### Try it
Give an exact transcription limited to the lines from the one with "地貌风光:纯热带海岛地貌,以" through the end of the entries, including both; no pictures belong in it.

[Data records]
^^^^^^^^

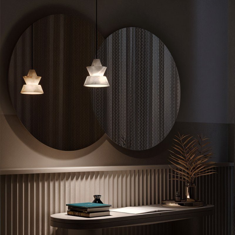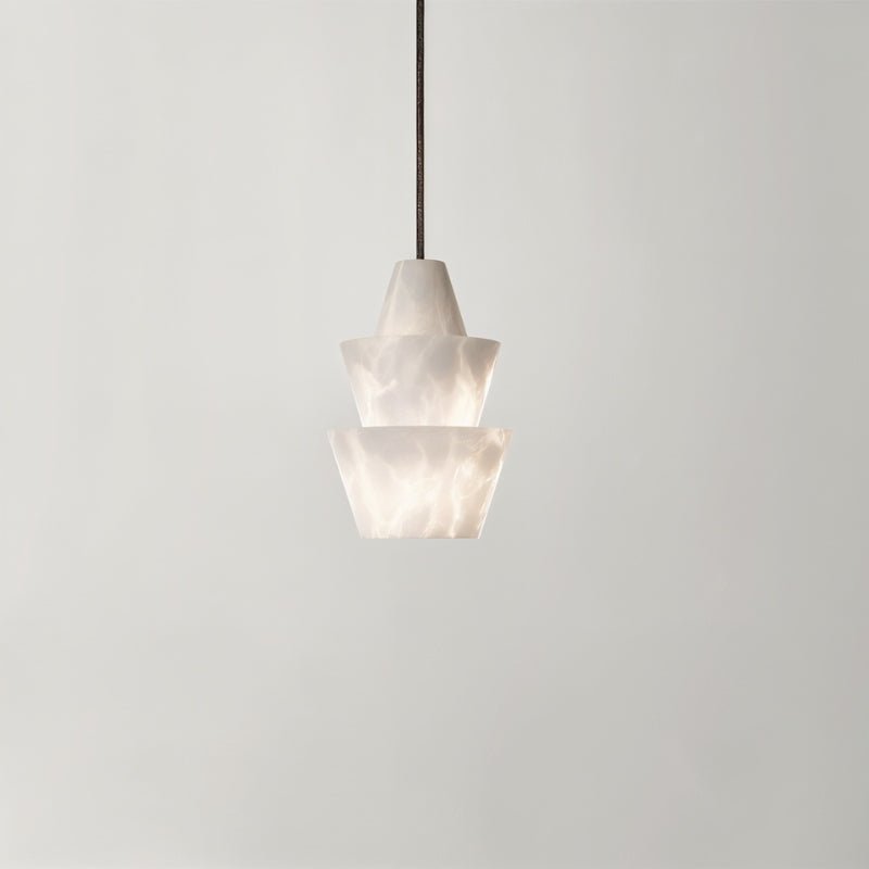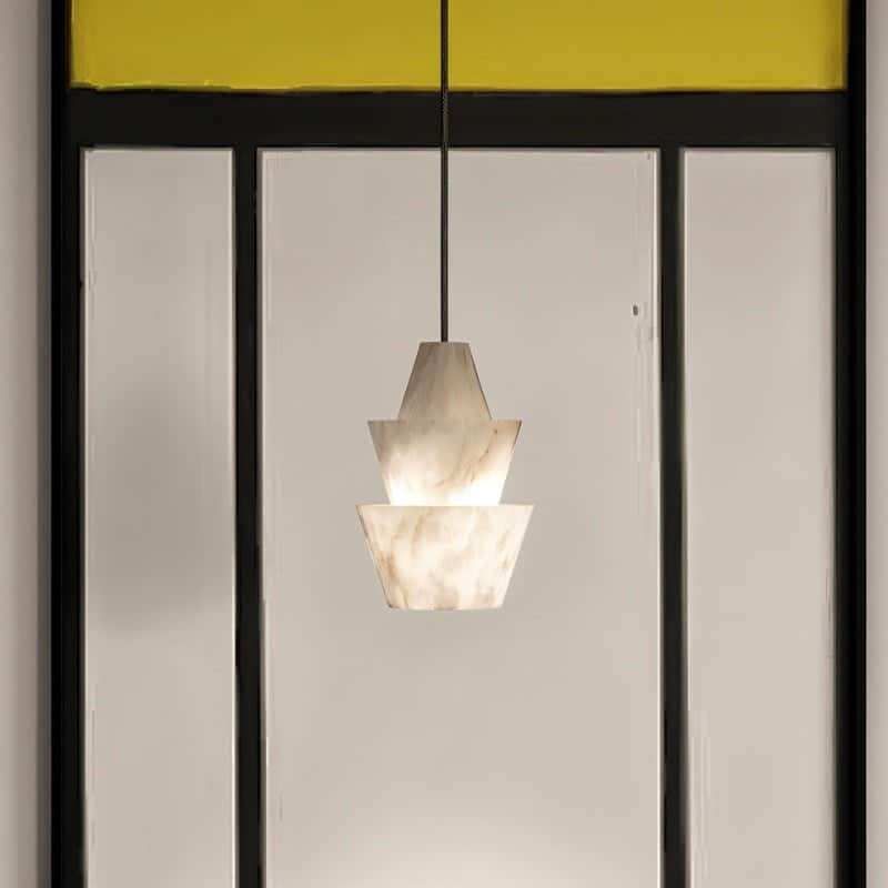 It is carefully designed for modern elegance, drawing inspiration from ancient motifs. Its curved form adds a unique touch, while the alabaster material diffuses a soft, warm glow. This luminaire combines artistic design with practical lighting, bringing sophistication to your space.
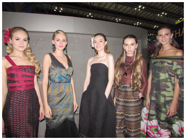 consists of 4 sets, The Beauty of Thai Tradition. The traditional costumes and antique Thai fabric are presented in this session and they are magnificent graceful, indicating obviously the uniqueness of Thailand. This collection is graced by Spouses of ambassadors from the Ministry of Foreign Affairs led by Mrs.Siriporn Panupong, wife of the National Reform Council's Member and Former Ambassador of Thailand to Canada, Ms.Pannabha Chandraramya, Deputy Director-General of the Department of European Affairs, Mrs.Rattanaprapa Disavatana, wife of the Deputy Permanent Secretary of the Ministry of Foreign Affairs of Thailand, Dr.Vilaiwan Chantasen, Wife of Former Ambassador of Thailand to Kuwait, Mrs.Mokkara Anamarn, Wife of Former Ambassador of Thailand to Denmark, Mrs.Chadanisa Chumnanvej, Senior Specialist 10 AOT and acting Vice President Customer Service Department and Mrs.Pattareeya Winitnaiyapak, Wife of the Attorney General of Thailand, The Thainess Welcome ........The show presents Thailand intellectual in fabrics and design by various kinds of fabric such as Prae-wa silk, Woven silk, Indigo dyed woven fabric, Satin, Brocade, are designed to create a modern fashion, in order to add value and gain appreciations from international fashion societies, this set is presented by the Staff of Tourism Authority Of Thailand, AOTand Thai Airways International The Wonder of Modern Thai Silk....... |
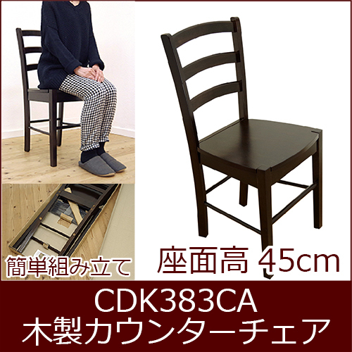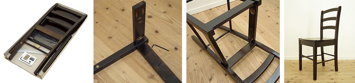 組立式の木製チェアですが、組立用ビスなどの金属部分は外側からは見えないすっきりとしたシンプルなデザインになっています。 その為に安っぽい印象がなく、カフェやレストラン・食堂や居酒屋など飲食店など店舗用にも好評♪ |
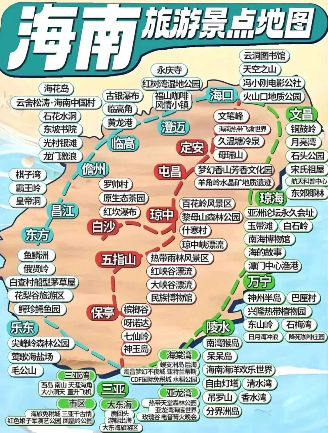 地貌风光:纯热带海岛地貌,以「碧海蓝天+椰林沙滩」为核心,亚龙湾、分界洲岛的珊瑚礁海岸绝美,中部五指山丘陵起伏,形成「滨海度假+山地雨林」的独特格局
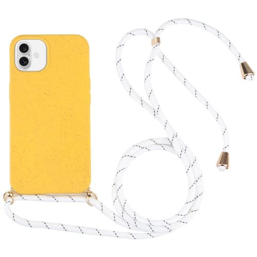 Funda para iPhone 16 TPU a Prueba de Golpes con Paja de Trigo y Cordón para El Cuello (Amarillo)

^^^^^^^^

### Result
 地貌风光:纯热带海岛地貌,以「碧海蓝天+椰林沙滩」为核心,亚龙湾、分界洲岛的珊瑚礁海岸绝美,中部五指山丘陵起伏,形成「滨海度假+山地雨林」的独特格局
 Funda para iPhone 16 TPU a Prueba de Golpes con Paja de Trigo y Cordón para El Cuello (Amarillo)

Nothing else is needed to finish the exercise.